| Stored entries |
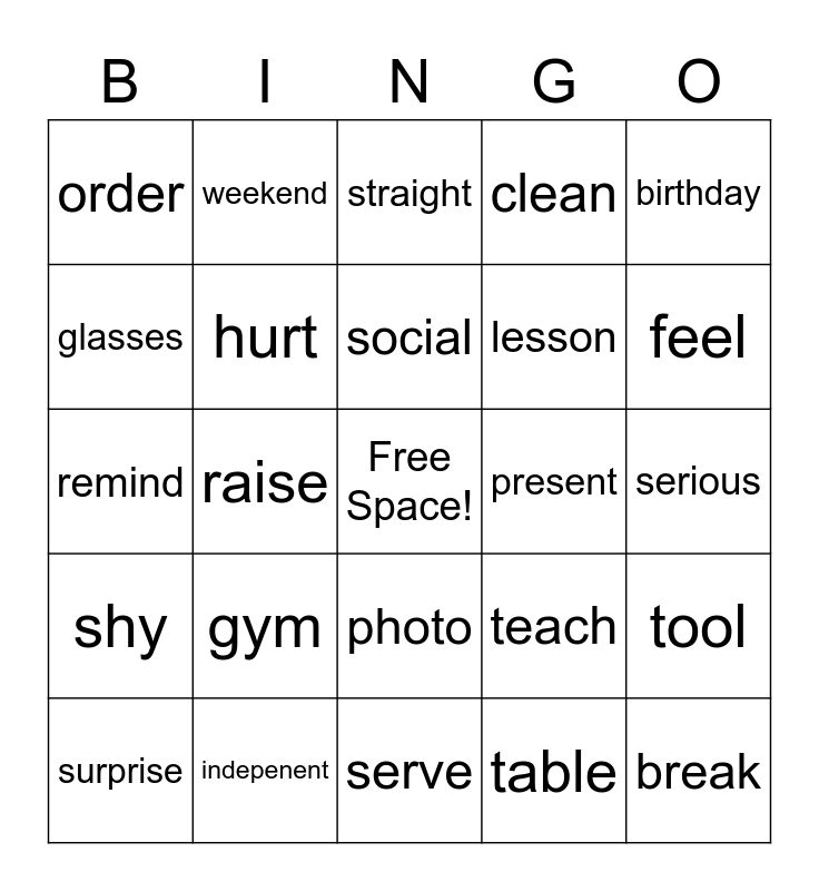 This bingo card has a free space and 24 words: gym, indepenent, social, surprise, birthday, order, glasses, weekend, present, photo, lesson, remind, teach, tool, hurt, table, serious, straight, feel, raise, break, shy, clean and serve.
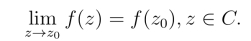还应指出,函数w =f(z)在曲线C上点z0处连续是指:
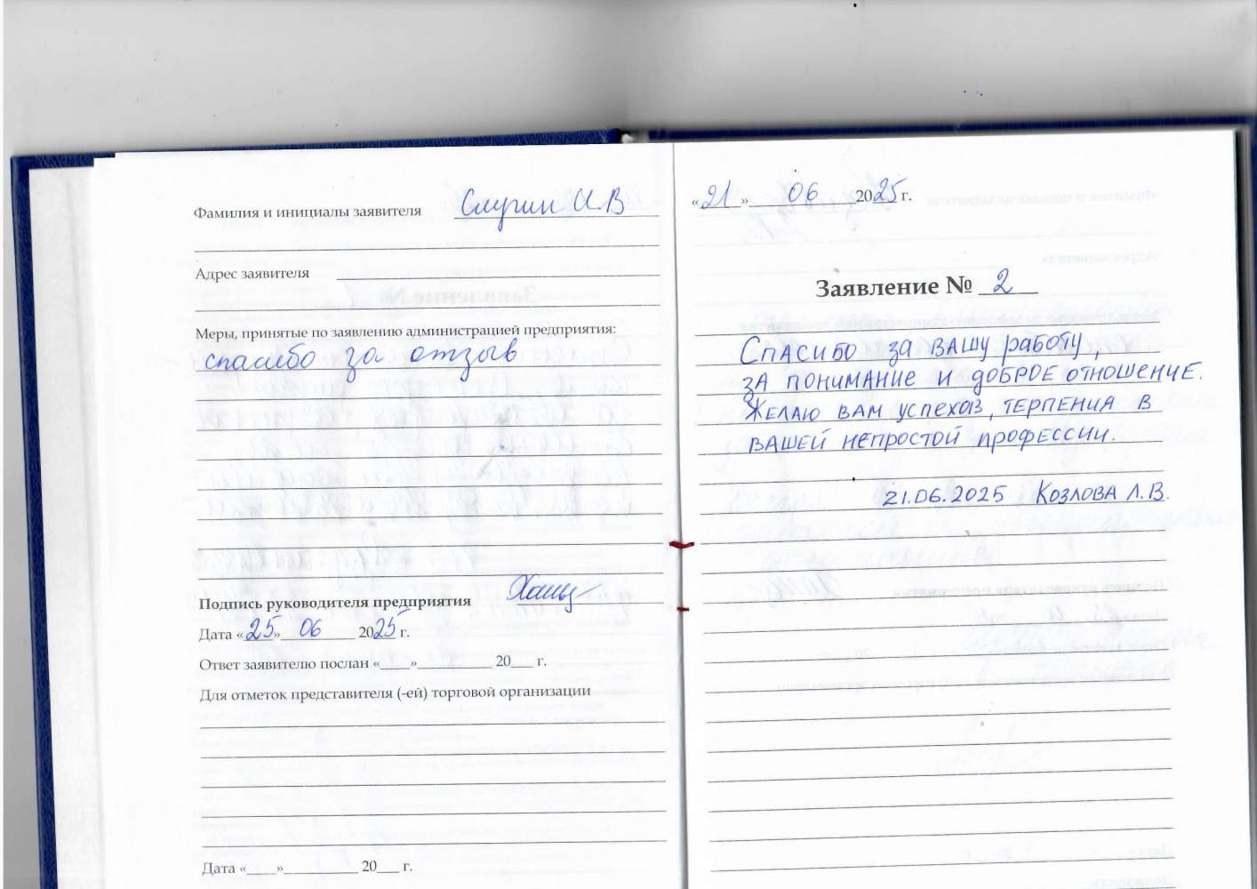 Заявление № 2
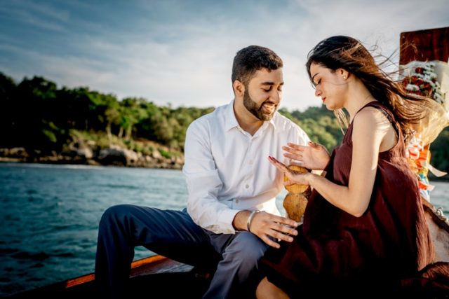 Raul wanted to propose in Phuket on a long tail boat in the middle of the ocean. He choose the perfect moment, asking her when they were close and after he asked he gave her the most beautiful engagement diamond ring. And of course she said yes, once she stopped crying for joy.
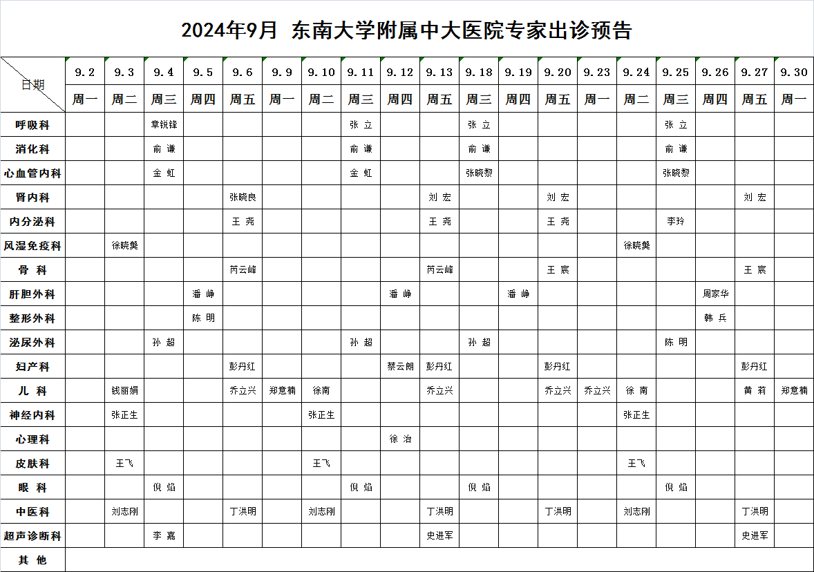 2024年9月东南大学附属中大医院专家出诊预告
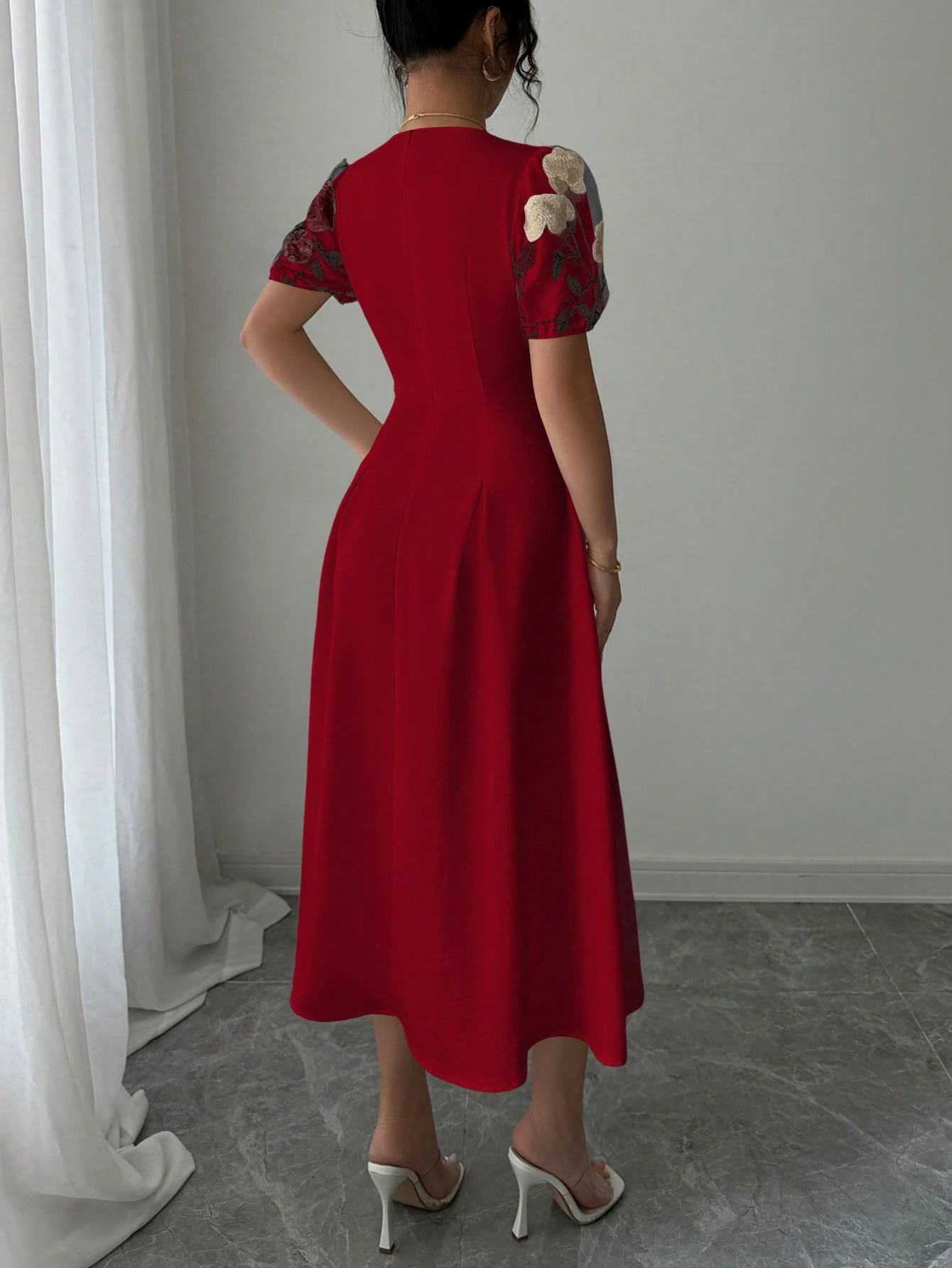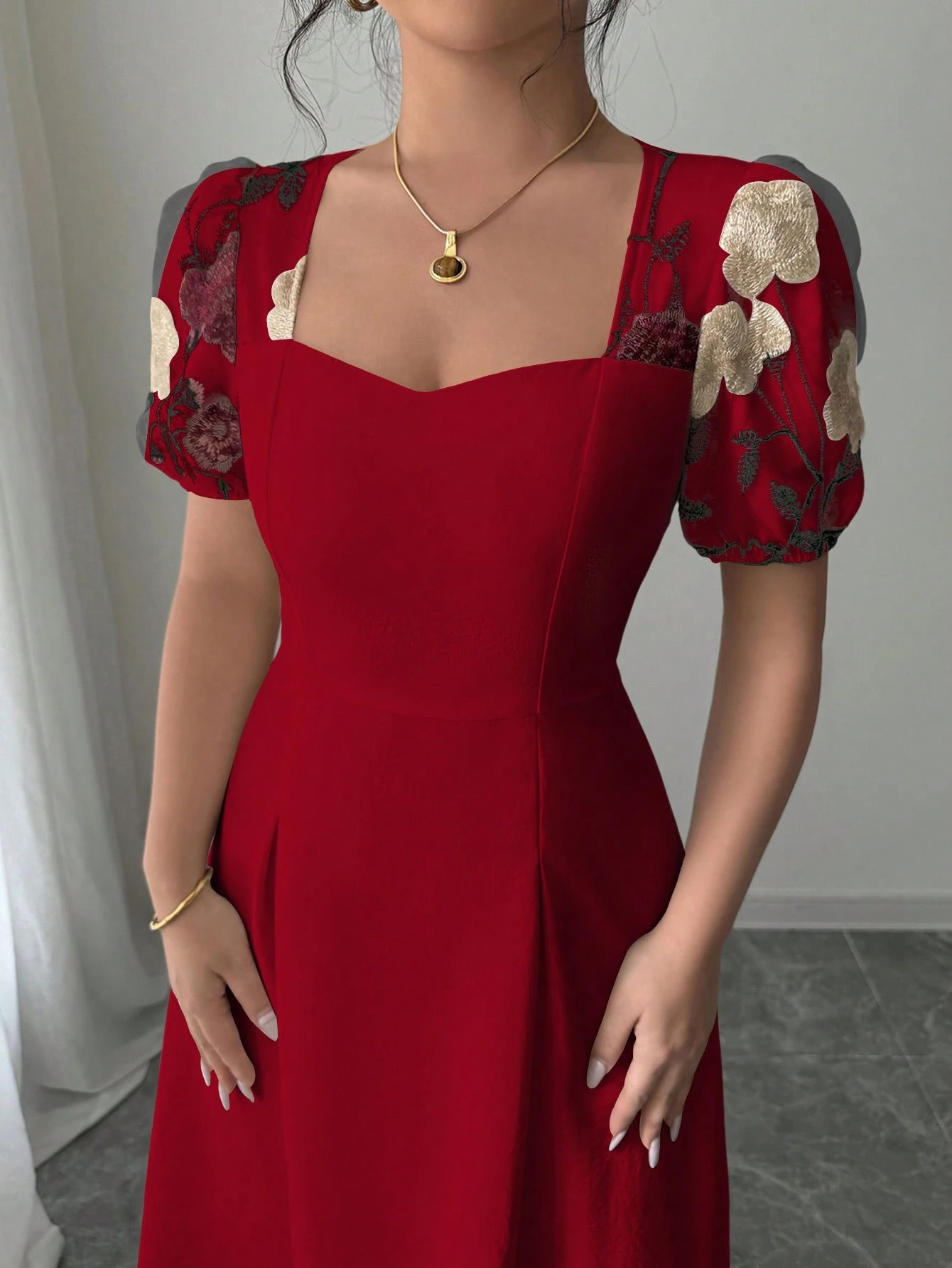 Vestido de mujer con cuello cuadrado, manga abullonada

| To do |
The answer must be an exact copy of the lines from the one containing "2024年9月东南大学附属中大医院专家出诊预告" through the last line of the records, and nothing else. Pictures do not belong in it.

| Answer |
 2024年9月东南大学附属中大医院专家出诊预告
 Vestido de mujer con cuello cuadrado, manga abullonada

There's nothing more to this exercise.